The author manages to construct the drama of the text, and the exercise is of such magnitude that the reader feels himself teletransported; you are no longer only the one who reads; you appear with them, you are one of them, and like an argonaut (that’s to say, like a hero), you search for the Golden Fleece — in our case, Liberty.

Because the sensation of fleeing has to be earned, the voyage is a process of tearing into shreds your awareness of what you leave and where you are going, although you know nothing of your final destination. The sensation is of abandoning weight like a ballast, like a stone infinitely weighing on your shoulders, since what you leave is who you are. So the sensation of abandon in the characters of the novel confuses itself with the coldness of the night, which always reminds you of death.

Because the flight comes associated with the anguish of saying goodbye, a goodbye that is in the voice that resonates in the depths of your being, the doom of a delirious echo that torments. Because the goodbye is accompanied by a sensation of eternity that weighs down and clouds the consciousness of whoever – mumbling his lyrics — knows that he has no guarantee of return.

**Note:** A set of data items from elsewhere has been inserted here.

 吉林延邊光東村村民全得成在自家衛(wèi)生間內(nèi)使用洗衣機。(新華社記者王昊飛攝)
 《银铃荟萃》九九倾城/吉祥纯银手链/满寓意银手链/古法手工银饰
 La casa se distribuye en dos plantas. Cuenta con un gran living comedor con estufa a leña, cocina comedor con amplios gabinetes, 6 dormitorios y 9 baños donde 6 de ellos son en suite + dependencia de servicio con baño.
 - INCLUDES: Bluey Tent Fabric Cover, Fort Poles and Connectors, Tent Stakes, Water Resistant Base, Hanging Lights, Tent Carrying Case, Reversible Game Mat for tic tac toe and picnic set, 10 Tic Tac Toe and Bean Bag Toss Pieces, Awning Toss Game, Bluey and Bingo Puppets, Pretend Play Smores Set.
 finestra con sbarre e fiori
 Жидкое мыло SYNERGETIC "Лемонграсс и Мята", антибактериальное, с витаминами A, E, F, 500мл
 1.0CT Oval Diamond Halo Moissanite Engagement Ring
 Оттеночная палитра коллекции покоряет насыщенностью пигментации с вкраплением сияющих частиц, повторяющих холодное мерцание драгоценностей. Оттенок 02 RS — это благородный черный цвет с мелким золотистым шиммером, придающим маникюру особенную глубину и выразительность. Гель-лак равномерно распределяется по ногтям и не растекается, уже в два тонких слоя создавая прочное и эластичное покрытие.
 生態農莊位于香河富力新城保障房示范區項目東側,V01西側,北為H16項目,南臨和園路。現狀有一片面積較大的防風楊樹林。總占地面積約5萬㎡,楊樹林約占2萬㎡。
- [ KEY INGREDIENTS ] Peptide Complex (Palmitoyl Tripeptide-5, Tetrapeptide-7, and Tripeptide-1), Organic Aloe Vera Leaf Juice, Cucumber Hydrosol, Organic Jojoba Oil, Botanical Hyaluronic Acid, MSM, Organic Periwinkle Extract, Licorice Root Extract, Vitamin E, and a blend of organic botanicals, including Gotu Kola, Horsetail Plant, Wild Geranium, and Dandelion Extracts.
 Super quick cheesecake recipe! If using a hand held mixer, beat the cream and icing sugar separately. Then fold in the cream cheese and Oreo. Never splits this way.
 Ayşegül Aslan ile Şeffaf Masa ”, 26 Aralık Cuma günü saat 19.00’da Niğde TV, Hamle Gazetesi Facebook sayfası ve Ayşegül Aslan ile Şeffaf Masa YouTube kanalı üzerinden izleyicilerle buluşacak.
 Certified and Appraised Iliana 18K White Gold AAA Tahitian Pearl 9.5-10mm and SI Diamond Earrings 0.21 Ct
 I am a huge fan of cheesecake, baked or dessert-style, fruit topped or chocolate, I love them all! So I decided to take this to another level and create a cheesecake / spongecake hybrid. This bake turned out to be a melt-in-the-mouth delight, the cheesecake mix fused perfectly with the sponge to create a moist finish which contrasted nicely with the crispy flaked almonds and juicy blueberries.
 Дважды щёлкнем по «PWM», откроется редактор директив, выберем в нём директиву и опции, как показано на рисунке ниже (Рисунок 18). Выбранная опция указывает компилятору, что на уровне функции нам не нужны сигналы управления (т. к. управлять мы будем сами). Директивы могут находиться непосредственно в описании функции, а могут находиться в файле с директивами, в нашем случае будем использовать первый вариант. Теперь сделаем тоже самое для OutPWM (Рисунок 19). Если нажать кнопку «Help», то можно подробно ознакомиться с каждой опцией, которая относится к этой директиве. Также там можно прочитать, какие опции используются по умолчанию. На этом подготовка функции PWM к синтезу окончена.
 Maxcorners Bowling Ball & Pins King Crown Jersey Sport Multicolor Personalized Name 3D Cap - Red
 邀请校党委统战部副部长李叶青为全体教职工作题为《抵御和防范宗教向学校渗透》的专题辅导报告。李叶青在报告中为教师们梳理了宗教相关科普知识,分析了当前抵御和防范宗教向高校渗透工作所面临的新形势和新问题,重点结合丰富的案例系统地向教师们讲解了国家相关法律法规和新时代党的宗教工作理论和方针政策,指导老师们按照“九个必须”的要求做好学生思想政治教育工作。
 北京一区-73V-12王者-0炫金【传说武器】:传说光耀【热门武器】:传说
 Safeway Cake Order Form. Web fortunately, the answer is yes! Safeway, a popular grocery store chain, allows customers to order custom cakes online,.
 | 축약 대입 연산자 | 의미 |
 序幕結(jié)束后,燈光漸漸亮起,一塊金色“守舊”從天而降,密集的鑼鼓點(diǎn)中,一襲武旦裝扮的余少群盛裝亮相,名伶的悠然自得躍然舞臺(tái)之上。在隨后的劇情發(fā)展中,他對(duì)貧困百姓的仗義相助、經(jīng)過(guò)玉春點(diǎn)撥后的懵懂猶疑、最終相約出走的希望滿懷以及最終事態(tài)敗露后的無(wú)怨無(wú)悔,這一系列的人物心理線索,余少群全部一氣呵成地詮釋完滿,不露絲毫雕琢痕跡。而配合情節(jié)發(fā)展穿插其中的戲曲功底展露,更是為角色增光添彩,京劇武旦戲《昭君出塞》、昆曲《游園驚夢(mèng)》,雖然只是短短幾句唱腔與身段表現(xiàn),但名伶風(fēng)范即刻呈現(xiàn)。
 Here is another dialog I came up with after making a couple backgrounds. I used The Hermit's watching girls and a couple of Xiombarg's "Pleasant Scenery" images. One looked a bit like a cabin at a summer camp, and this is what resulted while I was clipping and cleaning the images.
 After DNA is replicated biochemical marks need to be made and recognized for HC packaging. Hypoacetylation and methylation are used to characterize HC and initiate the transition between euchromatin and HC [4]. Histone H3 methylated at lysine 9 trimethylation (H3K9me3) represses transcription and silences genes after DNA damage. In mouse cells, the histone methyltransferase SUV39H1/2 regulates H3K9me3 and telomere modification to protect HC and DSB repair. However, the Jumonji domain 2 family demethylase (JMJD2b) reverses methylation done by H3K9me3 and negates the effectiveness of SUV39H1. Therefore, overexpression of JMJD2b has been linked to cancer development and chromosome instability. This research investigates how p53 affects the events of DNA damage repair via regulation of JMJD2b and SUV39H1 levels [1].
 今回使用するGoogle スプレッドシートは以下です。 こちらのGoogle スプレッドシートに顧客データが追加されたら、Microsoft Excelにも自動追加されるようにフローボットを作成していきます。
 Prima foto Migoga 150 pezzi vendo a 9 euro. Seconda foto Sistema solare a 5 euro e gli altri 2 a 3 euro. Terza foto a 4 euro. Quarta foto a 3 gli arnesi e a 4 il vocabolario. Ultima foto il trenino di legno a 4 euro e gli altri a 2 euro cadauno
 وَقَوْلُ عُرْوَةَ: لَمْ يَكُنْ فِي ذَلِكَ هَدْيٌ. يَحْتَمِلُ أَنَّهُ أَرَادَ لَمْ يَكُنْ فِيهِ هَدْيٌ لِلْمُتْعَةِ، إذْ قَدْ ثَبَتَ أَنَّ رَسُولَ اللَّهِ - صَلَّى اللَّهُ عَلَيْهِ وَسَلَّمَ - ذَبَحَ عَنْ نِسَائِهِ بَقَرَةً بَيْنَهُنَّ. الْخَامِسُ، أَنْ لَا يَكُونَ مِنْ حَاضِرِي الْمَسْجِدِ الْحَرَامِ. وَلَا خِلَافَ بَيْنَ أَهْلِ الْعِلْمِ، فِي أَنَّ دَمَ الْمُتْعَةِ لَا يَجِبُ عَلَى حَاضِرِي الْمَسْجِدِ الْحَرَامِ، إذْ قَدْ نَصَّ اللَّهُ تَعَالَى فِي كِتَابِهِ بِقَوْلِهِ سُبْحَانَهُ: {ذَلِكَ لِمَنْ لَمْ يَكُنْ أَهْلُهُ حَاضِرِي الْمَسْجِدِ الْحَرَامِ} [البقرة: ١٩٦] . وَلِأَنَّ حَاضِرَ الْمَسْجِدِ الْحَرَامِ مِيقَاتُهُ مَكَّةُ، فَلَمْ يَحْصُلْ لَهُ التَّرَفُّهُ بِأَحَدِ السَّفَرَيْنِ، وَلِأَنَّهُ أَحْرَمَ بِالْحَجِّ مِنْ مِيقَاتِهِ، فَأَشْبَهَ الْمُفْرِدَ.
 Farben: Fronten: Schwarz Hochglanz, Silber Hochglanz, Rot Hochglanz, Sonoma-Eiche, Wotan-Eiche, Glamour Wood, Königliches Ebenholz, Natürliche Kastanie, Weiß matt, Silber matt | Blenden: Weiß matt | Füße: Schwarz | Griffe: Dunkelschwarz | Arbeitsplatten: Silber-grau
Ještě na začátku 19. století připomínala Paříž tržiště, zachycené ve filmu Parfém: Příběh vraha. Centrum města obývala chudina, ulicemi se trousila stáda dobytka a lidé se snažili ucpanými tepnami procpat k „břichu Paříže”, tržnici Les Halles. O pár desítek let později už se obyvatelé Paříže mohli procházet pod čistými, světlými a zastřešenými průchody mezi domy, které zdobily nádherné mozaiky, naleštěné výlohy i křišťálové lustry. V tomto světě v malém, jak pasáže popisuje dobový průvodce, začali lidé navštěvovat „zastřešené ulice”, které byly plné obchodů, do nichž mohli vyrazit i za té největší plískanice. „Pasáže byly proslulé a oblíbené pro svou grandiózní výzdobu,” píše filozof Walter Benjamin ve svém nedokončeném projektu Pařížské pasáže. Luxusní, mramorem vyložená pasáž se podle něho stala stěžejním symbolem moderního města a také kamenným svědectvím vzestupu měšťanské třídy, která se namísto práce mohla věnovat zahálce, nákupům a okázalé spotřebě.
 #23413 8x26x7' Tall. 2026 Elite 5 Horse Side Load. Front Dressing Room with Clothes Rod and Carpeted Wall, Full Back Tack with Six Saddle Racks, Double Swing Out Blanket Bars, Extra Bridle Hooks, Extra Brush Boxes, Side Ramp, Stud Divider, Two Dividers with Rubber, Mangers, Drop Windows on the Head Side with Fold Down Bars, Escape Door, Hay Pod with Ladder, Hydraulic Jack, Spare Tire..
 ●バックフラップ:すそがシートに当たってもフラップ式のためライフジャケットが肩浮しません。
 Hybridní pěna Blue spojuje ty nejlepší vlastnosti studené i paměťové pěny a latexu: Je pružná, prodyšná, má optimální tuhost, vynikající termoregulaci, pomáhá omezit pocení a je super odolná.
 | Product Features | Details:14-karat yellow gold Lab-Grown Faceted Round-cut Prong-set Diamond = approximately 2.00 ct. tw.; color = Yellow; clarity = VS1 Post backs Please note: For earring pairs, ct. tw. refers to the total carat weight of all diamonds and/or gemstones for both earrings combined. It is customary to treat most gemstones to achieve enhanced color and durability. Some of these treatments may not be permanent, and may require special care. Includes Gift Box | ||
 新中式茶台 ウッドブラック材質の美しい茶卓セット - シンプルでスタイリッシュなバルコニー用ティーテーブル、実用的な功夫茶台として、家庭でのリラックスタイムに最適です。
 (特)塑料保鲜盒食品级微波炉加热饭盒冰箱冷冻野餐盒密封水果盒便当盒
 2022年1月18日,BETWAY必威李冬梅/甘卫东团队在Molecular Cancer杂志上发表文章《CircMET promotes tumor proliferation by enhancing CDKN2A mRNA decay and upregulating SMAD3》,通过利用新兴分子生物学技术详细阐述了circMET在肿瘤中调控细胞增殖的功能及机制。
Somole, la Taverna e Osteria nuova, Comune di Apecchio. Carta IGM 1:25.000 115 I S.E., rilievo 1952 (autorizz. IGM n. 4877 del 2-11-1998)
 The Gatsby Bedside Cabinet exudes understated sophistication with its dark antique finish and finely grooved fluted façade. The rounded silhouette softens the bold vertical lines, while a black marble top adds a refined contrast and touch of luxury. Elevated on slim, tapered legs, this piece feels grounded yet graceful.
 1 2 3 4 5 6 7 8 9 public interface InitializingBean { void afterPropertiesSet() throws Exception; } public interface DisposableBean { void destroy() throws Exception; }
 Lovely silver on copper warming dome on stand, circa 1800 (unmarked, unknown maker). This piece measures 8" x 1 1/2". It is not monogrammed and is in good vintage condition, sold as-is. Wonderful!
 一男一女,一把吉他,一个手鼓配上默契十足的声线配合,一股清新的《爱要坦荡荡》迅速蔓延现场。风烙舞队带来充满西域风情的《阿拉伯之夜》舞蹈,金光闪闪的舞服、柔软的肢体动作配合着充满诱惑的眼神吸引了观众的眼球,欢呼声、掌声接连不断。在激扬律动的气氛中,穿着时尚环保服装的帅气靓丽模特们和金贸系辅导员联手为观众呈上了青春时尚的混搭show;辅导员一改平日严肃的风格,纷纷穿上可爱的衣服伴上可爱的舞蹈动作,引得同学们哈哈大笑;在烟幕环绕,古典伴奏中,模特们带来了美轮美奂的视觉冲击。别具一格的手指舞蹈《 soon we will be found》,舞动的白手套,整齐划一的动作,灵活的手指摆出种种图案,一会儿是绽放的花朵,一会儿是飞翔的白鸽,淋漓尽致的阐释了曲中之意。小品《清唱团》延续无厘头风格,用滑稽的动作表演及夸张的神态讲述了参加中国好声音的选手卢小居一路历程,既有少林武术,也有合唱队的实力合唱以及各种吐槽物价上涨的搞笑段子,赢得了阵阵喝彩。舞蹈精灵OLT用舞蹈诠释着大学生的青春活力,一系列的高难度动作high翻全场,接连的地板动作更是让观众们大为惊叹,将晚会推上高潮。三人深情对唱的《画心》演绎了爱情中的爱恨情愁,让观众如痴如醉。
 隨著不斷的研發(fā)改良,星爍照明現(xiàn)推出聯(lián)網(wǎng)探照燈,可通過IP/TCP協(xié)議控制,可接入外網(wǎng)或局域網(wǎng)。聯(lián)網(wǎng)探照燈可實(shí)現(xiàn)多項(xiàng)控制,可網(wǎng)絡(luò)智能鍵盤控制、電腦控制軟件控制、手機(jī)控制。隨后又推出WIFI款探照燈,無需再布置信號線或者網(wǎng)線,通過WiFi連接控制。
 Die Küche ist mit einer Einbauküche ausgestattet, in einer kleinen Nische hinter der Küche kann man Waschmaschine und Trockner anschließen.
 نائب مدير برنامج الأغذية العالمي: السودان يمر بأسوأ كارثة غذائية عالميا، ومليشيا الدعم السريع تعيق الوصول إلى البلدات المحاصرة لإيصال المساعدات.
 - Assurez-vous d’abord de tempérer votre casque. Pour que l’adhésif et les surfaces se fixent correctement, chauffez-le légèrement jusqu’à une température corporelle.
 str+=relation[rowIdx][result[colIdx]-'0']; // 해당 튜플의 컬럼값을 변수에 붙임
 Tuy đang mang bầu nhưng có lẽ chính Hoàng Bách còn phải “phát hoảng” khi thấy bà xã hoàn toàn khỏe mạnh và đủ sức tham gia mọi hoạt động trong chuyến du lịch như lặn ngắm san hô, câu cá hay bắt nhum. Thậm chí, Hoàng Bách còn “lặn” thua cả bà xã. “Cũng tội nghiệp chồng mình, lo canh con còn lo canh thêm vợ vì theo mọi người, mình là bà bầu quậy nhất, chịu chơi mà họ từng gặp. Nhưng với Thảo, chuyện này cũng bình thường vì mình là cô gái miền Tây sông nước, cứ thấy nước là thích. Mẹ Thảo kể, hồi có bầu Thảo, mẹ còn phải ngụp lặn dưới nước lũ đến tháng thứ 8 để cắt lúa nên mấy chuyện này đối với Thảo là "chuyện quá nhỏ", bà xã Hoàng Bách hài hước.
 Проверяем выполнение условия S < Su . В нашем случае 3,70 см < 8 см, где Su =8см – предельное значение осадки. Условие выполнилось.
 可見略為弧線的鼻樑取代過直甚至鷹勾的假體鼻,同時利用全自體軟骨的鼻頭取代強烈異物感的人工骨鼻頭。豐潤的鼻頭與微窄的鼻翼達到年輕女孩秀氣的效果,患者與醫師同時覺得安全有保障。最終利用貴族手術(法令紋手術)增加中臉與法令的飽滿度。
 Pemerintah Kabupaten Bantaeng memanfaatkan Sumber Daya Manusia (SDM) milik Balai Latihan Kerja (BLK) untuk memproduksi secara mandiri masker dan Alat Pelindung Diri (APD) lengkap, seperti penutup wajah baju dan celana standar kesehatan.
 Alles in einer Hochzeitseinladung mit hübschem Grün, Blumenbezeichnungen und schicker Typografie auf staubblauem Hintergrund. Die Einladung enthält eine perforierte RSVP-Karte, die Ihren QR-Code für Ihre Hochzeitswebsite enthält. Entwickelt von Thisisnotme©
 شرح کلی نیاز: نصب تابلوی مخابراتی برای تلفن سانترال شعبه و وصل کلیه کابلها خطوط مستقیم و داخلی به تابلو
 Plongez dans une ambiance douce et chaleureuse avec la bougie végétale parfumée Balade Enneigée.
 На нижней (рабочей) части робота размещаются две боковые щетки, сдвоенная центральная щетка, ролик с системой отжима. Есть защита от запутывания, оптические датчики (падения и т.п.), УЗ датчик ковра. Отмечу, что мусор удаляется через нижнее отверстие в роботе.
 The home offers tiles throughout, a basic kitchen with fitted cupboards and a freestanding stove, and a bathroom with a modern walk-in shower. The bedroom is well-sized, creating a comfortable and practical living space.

So the dream of fleeing the island — a laboratory island of politics, a laboratory where the consequences of the experiment and the human cost aren’t registered (the cost in terms of a future isn’t considered in the statistics) — begins to be a reminiscence until it’s converted, as the author says, into a virus, a virus that has inoculated a whole society and that corrodes, in a slow but at the same time delicate and emphatic form, every portion of you, dawning one day, confused by the continuous evaporation of desires and illusions — now that all the illusions have died, like the song about the Matamoros* — and some other unknown end.

Antonio Correa and Carlos Alberto Montaner during the presentation of the book (photo by Ulises Regueiro).

In The Summer When God Slept, nostalgia for the past is a recurring theme, fictional, never political; however, the longing for the past not only invalidates the present for us but also makes the future impossible. For the characters in the novel, to be anchored in the past safeguards the possibility of existence, a life that no longer belongs to them because it lacks a fate, once it’s marked by the calamities and sufferings of a people.

Neo Club Press

*”Matamoras Banks” is a song by Bruce Springsteen about an illegal immigrant who drowns while crossing the Rio Grande River.